In this table, you will find an overview with examples of resident birds and migratory birds. If you look at the column with resident birds, you will know which birds you can observe in winter.
|Resident Birds||Migratory Birds|
|House Sparrow||Horned Lark|
Transcript How Do Birds Survive in the Winter?
It's fall and Newton is watching the birds migrate south for the winter. But not all birds fly south. What do the birds that stay behind do? Hmm, "How Do Birds Survive in the Winter?" To answer this, we will look at two types of birds. One type is called the migratory bird. These birds fly south for the winter and come back up north only in the spring. Geese, storks, and starlings are examples of migratory birds. The second type is called a resident bird. These birds stay behind during the winter. These include the blackbird and the magpie. Let's take a closer look at them. You've probably seen a blackbird before. The female has brown feathers called plumage. The male has black feathers, a yellow bill, and yellow rings around his eyes. The blackbird eats earthworms, insects, and berries. Our second resident bird is the magpie. Both male and female magpies have black and white plumage and long tail feathers. The magpie is bigger than the blackbird. It eats bird eggs, dead animals, berries, and seeds. But how do resident birds survive in the cold winter? If it is particularly chilly, they can puff up. This traps heat between their feathers, keeping the bird warm. Puffing acts like a thick winter jacket. It insulates the bird from the cold. Since resident birds use more energy to heat their bodies in the winter, they also need more food. They must find berries hanging on bushes. They can also collect seeds on the ground as long as there is no snow. But insects and other small animals can be hard to find. So, resident birds often look for bird feeders in people's yards. This helps them feed more easily over the cold winter months. Did you know? There are even special bird seed mixes that are great for feeding birds in the winter! Can you guess who especially likes these bird feeders?

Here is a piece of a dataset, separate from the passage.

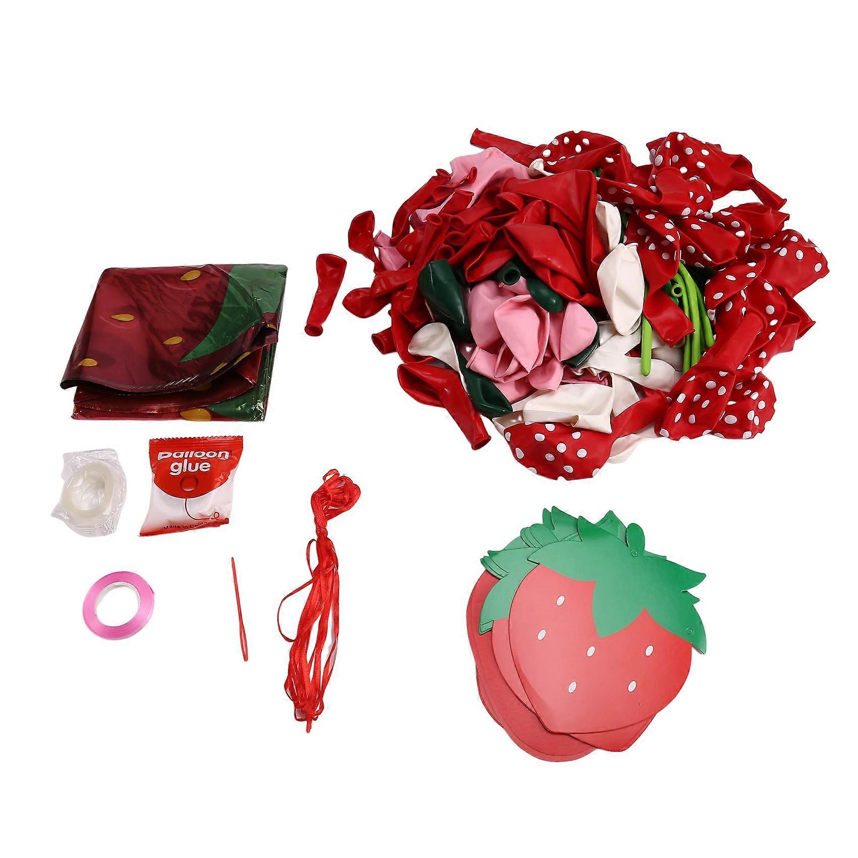 Strawberry Balloon Arch, 157 PCS Strawberry Balloon with Red Pink Green Latex Balloons and Strawber

Exactly! This little one! Just make sure the feeder is clean, so the birds do not get sick. Also, don't leave birdseed on the ground. This can attract cats and other predators to the area. And what is Newton up to? We'll find out after a short summary. Let's review! We learned about two types of birds. Migratory birds, like geese, storks and starlings, that fly south in the winter to find food and warmer weather. And resident birds, like blackbirds and magpies, that stay behind over the colder months. In order to survive, they need to gather extra food and puff themselves up to get through the long winter. And what about Newton? Ze has put up many feeders so that the birds living in the garden this winter can easily find enough to eat!